▸ **Exercise details**:
Look through the data below for the line with "Direct. Curious. Slightly" and the line with "mv mysql-5.7.24-linux-glibc2.12-x86_64 mysql-5.7.24", then transcribe exactly from the first through the second, leaving out all pictures.

▸ **Data shown**:
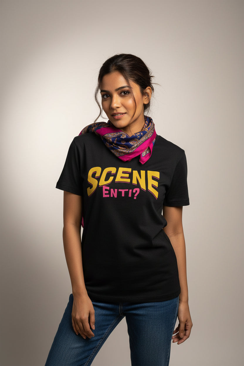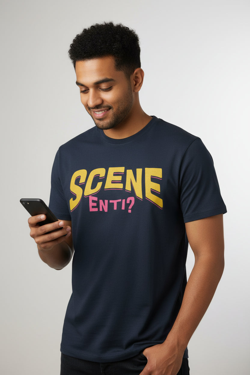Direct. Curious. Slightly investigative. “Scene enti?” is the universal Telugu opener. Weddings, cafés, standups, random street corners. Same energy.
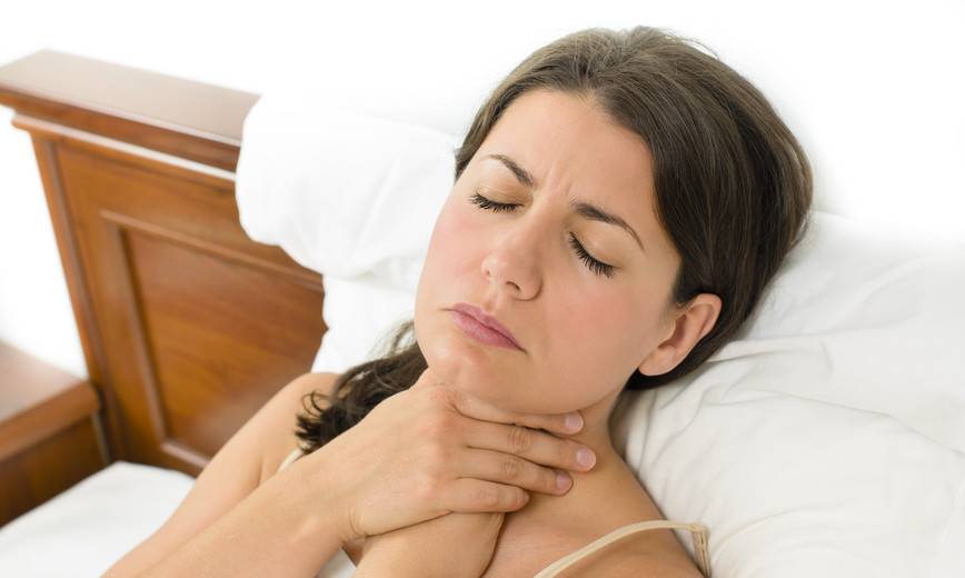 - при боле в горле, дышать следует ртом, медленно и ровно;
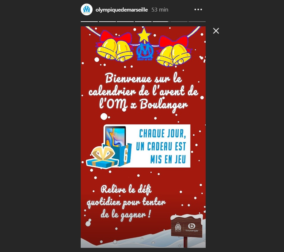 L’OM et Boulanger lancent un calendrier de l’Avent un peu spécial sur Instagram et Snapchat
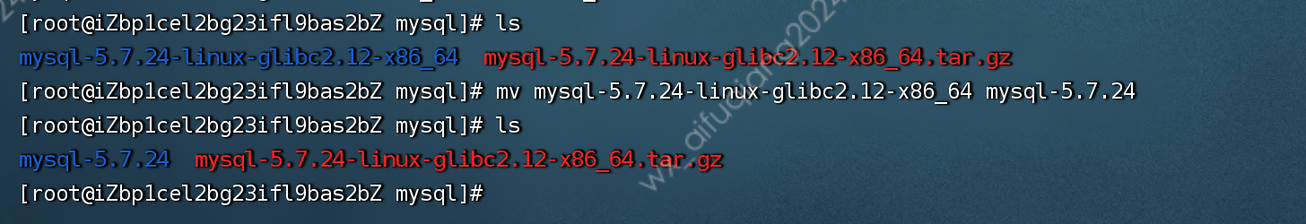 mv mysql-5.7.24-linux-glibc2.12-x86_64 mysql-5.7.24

...

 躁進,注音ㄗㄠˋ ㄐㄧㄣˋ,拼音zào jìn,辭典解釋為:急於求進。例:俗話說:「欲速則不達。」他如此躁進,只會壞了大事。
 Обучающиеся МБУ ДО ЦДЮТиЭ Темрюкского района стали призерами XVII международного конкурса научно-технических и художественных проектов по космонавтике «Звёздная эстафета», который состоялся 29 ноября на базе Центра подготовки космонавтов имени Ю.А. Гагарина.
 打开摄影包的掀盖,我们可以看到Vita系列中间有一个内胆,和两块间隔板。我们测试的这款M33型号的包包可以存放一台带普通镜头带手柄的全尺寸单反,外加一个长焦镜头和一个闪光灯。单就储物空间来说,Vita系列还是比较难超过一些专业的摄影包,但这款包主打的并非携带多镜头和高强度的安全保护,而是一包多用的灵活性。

▸ **Exercise solution**:
Direct. Curious. Slightly investigative. “Scene enti?” is the universal Telugu opener. Weddings, cafés, standups, random street corners. Same energy.
 - при боле в горле, дышать следует ртом, медленно и ровно;
 L’OM et Boulanger lancent un calendrier de l’Avent un peu spécial sur Instagram et Snapchat
 mv mysql-5.7.24-linux-glibc2.12-x86_64 mysql-5.7.24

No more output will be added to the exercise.